5.2.1. Family Foundation in Liechtenstein establishes GmbH & Co. KG in Germany

For this purpose, the Family Foundation in Liechtenstein is provided with liquid funds, with which it establishes a GmbH & Co. KG in Germany. In some cases, however, a GmbH may also come into question. But in the following we want to concentrate on GmbH & Co. KG.

It is important here that this company is as destitute as possible. As a private person, you then sell the immobile assets to this new GmbH & Co. KG. The newly created company receives all the necessary funds to purchase these assets as a loan from its foundation.

5.2.2. How the Family Foundation in Liechtenstein benefits from this

If profits arise from the purchased assets, then they are used to repay the loan, which, as we know, does not trigger taxation.

In addition, the loan is linked to a relatively high interest rate, which can be significantly above the market interest rate, because the GmbH & Co. KG can hardly offer any collateral at the time of the loan agreement. For this reason, the higher interest rate is also reasonable vis-à-vis the tax administration without it being able to detect a tax abuse. At the same time, however, the high interest rates of the Family Foundation in Liechtenstein still serve to increase their own assets.
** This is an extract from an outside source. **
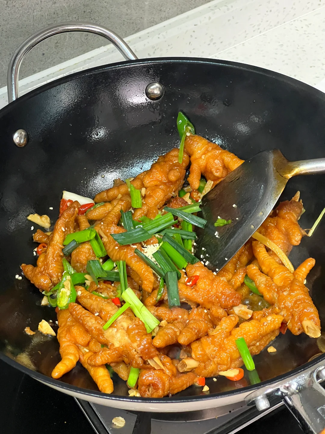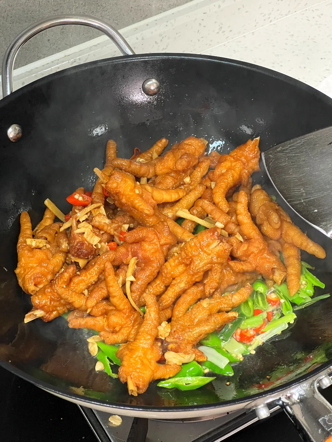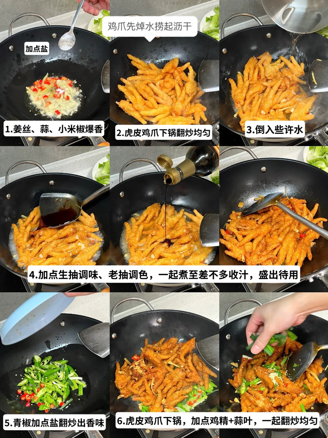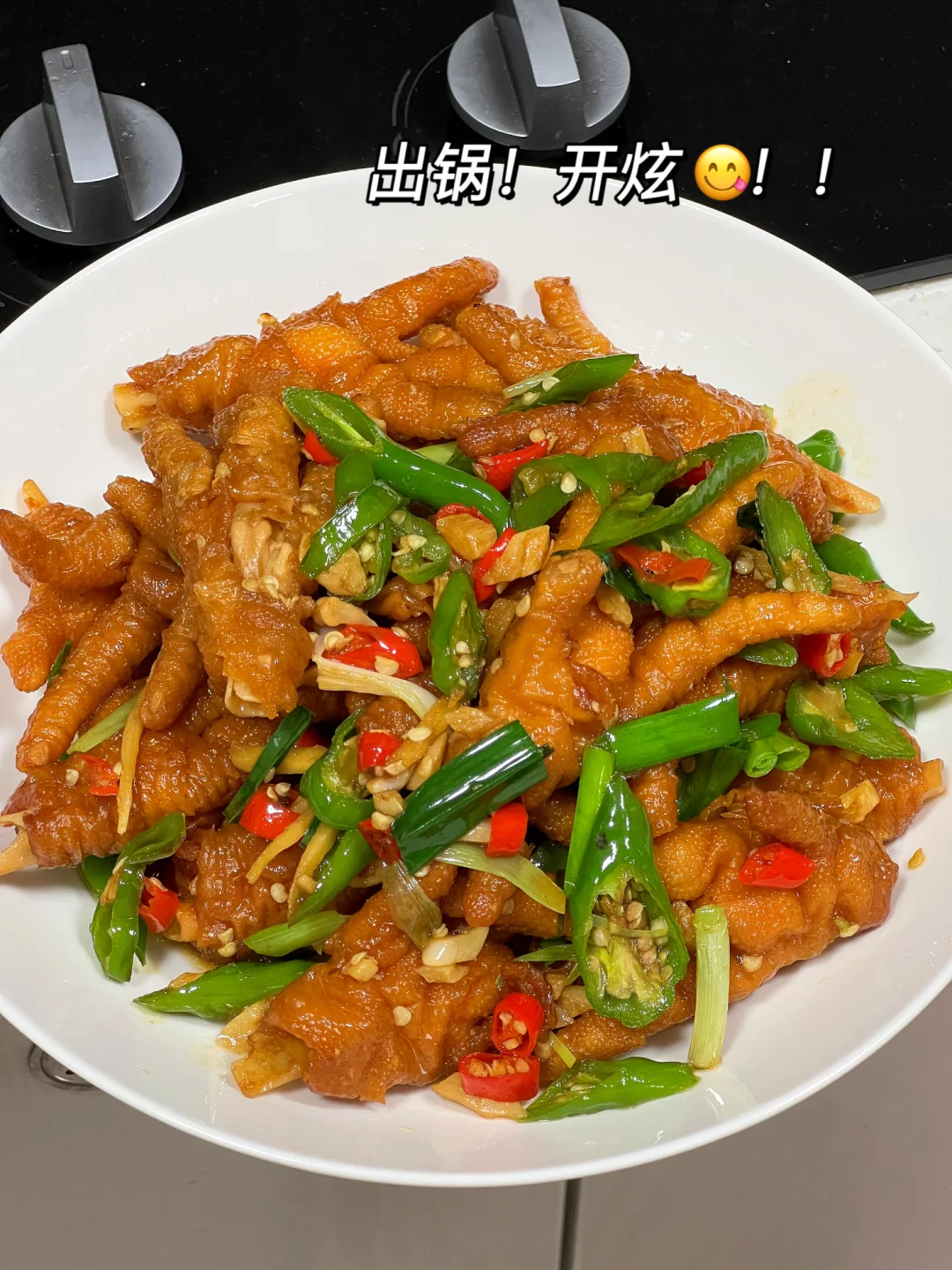 虎皮鸡爪是去菜市场凉拌菜摊上买的半成品 没要老板的调料?? 男朋友拿回家自己加点青椒一顿爆炒,又是一道家常快手菜 连里面青椒都好好吃[色色R] ??食材基础 虎皮鸡爪(又叫凤爪) 青椒,小米椒,蒜叶,蒜末,姜丝 ???????吃法就不基础 1.虎皮鸡爪,三件套焯水去腥(品质好、味道好不焯也行) 2.姜丝、蒜末、小米椒,加点盐爆香 3.虎皮鸡爪下锅翻炒均匀,加点水 4.接着加点生抽调味,老抽调色,一起煮至收汁(喜欢带汤汁的,可以留点汤),盛出待用。 5.青椒、小米椒,加点盐炒香 6.待用的虎皮鸡爪下锅,加点蒜叶、蚝油、鸡精,翻炒均匀。 吃饭的时候男朋友反复跟我说:老家的凤爪味道更好,炒出来的更好吃。听的我好馋??,好想回赣州吃好吃的… ??Tips 我的口味更是喜欢炒的干香干香的 男朋友喜欢加点淀粉、生抽、老抽、蚝油调汁,最后炒出来能留点汤汁,更顺滑的口感。 大家根据自己的口味进行调节哈[自拍R]

And if the loan is later paid off, the profits of GmbH & Co. KG, without being subject to income taxation of their profits in Germany, can flow to the Family Foundation in Liechtenstein. There, the taxation is in all probability significantly lower than for a shareholder in Germany.
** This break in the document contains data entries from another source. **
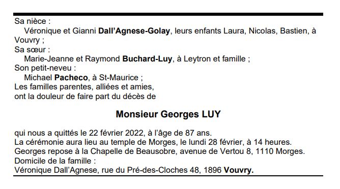 Monsieur Georges LUY 14 jan. 1935 - 22 fév. 2022 Avis mortuaire PFG Télecharger PDF Partager sur: Galerie PreviousNext PreviousNext
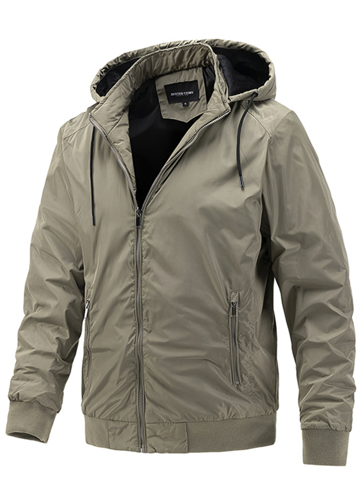 Men's Spring and Autumn Removable Hooded Jacket Casual Sports Thin Cotton Solid Color Coat Trend Men's Clothing
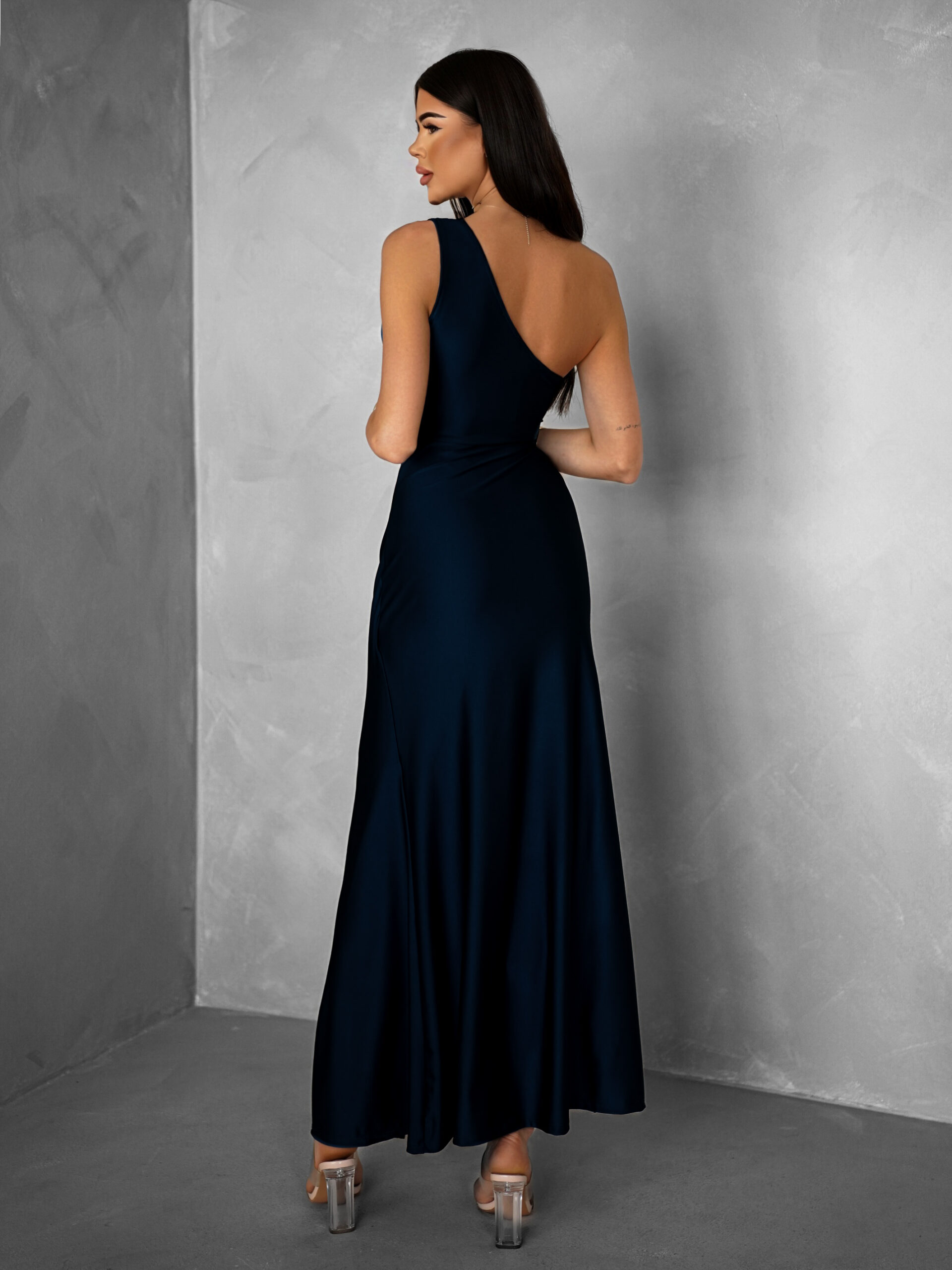 Tmavě modré společenské šaty FIAMMAR na jedno rameno Velikost: ONESIZE

5.2.3. The advantages of GmbH & Co. KG compared to a GmbH

The advantage of a GmbH & Co. KG over a GmbH lies in the fact that the GmbH & Co. KG is a partnership. A partnership is tax transparent, so that the company itself does not pay its own income taxes. Taxes on their profits are paid by the shareholders, in our case mainly the family foundation in Liechtenstein. On the other hand, a GmbH pays corporate tax as a legal person, which would then be incurred in Germany.
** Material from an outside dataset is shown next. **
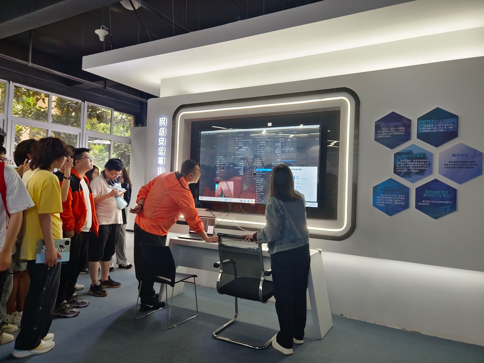 在易阅科技网络安全科普展厅,先进的科技设备让同学们大开眼界。借助“数字时空隧道”全息影像系统,大家清晰看到网络安全技术从传统防火墙到AI安全防御体系的发展历程。动态时间轴与交互式投影技术,生动展现网络安全领域的关键事件,让同学们沉浸其中,感受网安魅力。AI换脸体验区更是让大家切身体会到数字技术的两面性,在体验趣味的同时,也深刻认识到网络安全防护的重要性。
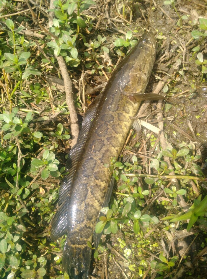 于是轻轻走到草丛的边上挑起竿子,将雷蛙放到两米长的钱,然后点逗水面,大概有10来分钟就看到旁边的草丛边上有草在晃动,感觉有戏,于是继续点逗水面,慢慢的将雷蛙点逗的方向,向黑鱼晃动的地方靠拢,刚刚接近晃动的地方,就听到砰的一声,黑鱼给口了,口声之后,线在迅速的下沉,看到线下沉之后,因为草比较厚,所以担心雷蛙不入嘴,所以稍微停顿了一下,看到冒气泡之后,扬竿直接将鱼飞上了岸,这条鱼有两三斤重吧,徒弟在旁边目瞪口呆,往常的时候这种换气孔离岸边都很远,但是今天无意中发现了这个离岸边有点近的,因为这旁边有房子,但是没有人住,也荒废了很多年了,可能是这个原因吧,如果有人住的话,边上肯定是不会有的。看来运气好的时候,真的是没办法阻挡。

For the same reason, GmbH & Co. KG has another advantage over the GmbH. Because a partnership can earn the profit tax-free when selling real estate after a ten-year speculative period. A GmbH, on the other hand, pays corporate tax on it quite regularly.

5.2.4. Disadvantage wealth tax vs. advantage wealth increase

The big disadvantage of this design model is that the immobile assets in Germany would still be subject to property tax without the family foundation in Liechtenstein being able to remedy this. But we have already explicitly stated this before: immobile assets, which are considered domestic assets in Germany, remain taxable in Germany regardless of ownership.

So where is the advantage of the family foundation in Liechtenstein if the avoidance of property tax plays no role? The tax advantage now lies in the fact that the Family Foundation in Liechtenstein can increase its own assets via the income it receives from its German GmbH & Co. KG. However, this newly created wealth is then spared by the German wealth tax. In this respect, the Family Foundation in Liechtenstein actually helps to avoid property tax, albeit indirectly.